Biorefattorizzazione di prodotti fertilizzanti per l'autoconsumo nelle aziende ortofrutticole
Biorefattorizzazione di prodotti fertilizzanti per l'autoconsumo nelle aziende ortofrutticole.

BioREFINA sta sviluppando un nuovo modello circolare attraverso un sistema di produzione in loco di tre tipi di fertilizzanti ottenuti dalle proprie biomasse di scarto.
Le bioraffinerie sono impianti in grado di trasformare la biomassa in bioenergia e/o bioprodotti in modo sostenibile.
Le bioraffinerie sono impianti in grado di trasformare la biomassa in bioenergia e/o bioprodotti in modo sostenibile. L’obiettivo del progetto bioREFINA è quello di trasformare in situ gli scarti vegetali generati nelle aziende ortofrutticole, come residui di colture, scarti dovuti alle dimensioni o alla mancanza di qualità o altri rifiuti organici, in tre bioprodotti fertilizzanti di alta qualità. In questo modo, un’azienda ortofrutticola passerebbe dall’acquisto di fertilizzanti da terzi alla produzione dei propri biofertilizzanti ricavati dai propri scarti vegetali o dall’ambiente circostante, secondo un modello di economia circolare.
I processi di bioraffinazione iniziano con la digestione anaerobica termofila, che stabilizza la materia organica e riduce il rischio di contaminazione microbiologica. Il biogas prodotto viene utilizzato come fonte di calore rinnovabile per garantire l’autosufficienza energetica dei successivi processi di trasformazione del digestato in prodotti fertilizzanti.
La frazione solida del digestato viene utilizzata come fonte di calore rinnovabile.
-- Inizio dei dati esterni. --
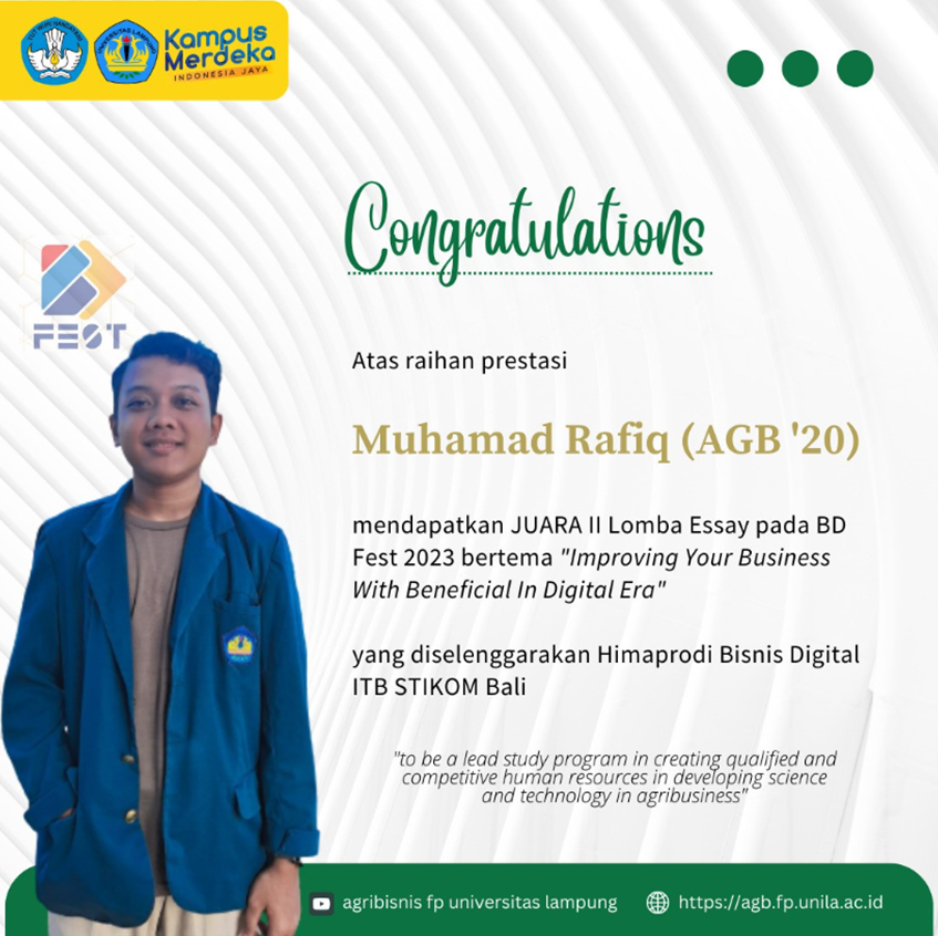Muhamad Rafiq, mahasiswa Program Studi Agribisnis Fakultas Pertanian Universitas Lampung angkatan 2020 berhasil meraih Juara II pada Lomba Essay mengembangkan agrobisnis dengan ide kreatif dan inovatif di era digital tingkat nasional BD Fest 2023. Perlombaan ini diselenggarakan oleh Himaprodi Bisnis Digital ITB Stikom Bali pada Bulan Mei 2023.
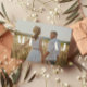Casamento branco e dourado, salve a data em que o anúncio apresenta uma foto frontal com uma simples sobreposição dos monogramas do casal. O verso apresenta uma moderna e mínima design de tipografia.

La frazione solida del digestato viene trasformata, tramite compostaggio con altri co-substrati, in un ammendante organico funzionale per migliorare la qualità del suolo e la salute delle colture; l’acqua e i nutrienti (principalmente azoto, fosforo e potassio) presenti nel digestato liquido vengono utilizzati come fertilizzante liquido nei sistemi di fertirrigazione; inoltre, una frazione del digestato liquido viene utilizzata per coltivare microalghe e successivamente un biofertilizzante a base di microalghe ricco di aminoacidi e ormoni vegetali.
La frazione solida del digestato viene utilizzata come fonte di calore rinnovabile.
I fertilizzanti ottenuti con il sistema bioREFINA si distinguono per l’elevata qualità igienica e la bassa impronta di carbonio, caratteristiche essenziali per i prodotti ortofrutticoli venduti nei mercati dell’Europa centrale e settentrionale, particolarmente esigenti in questo settore.
Il successo del progetto è dovuto al fatto che il sistema bioREFINA ha un’elevata qualità igienica e una bassa impronta di carbonio, caratteristiche essenziali per i prodotti ortofrutticoli venduti nei mercati dell’Europa centrale e settentrionale, particolarmente esigenti in questo settore.
Il successo del progetto di R&S&I bioREFINA risiede nel suo totale allineamento con le nuove politiche di sostenibilità agricola basate su modelli di bioeconomia, attraverso l’implementazione di un processo di economia circolare a livello di azienda agroindustriale che, tra gli altri aspetti, contribuisce a ridurre l’uso di fertilizzanti minerali, a migliorare la gestione dell’energia nelle aziende agricole, a migliorare la produttività dei prodotti ortofrutticoli, nonché a implementare un proprio sistema di gestione e recupero dei rifiuti.


Insieme ad AZUD partecipa al progetto bioREFINA:
Con il sostegno dei seguenti centri di ricerca:
Il progetto è sviluppato nell’ambito del bando 2016 per la concessione di sovvenzioni volte a promuovere la cooperazione regionale in materia di ricerca e sviluppo, Programma FESR-INNTERCONECTA, del Centro per lo sviluppo tecnologico e industriale (CDTI), sotto il Ministero dell’Economia, dell’Industria e della Competitività, e cofinanziato con i Fondi strutturali dell’Unione europea nell’ambito del Programma operativo Crescita intelligente 2014-2020.
Il progetto è sviluppato nell’ambito del Programma FESR-INNTERCONECTA, del Centro per lo sviluppo tecnologico e industriale (CDTI), sotto il Ministero dell’Economia, dell’Industria e della Competitività, e cofinanziato con i Fondi strutturali dell’Unione europea nell’ambito del Programma operativo Crescita intelligente 2014-2020.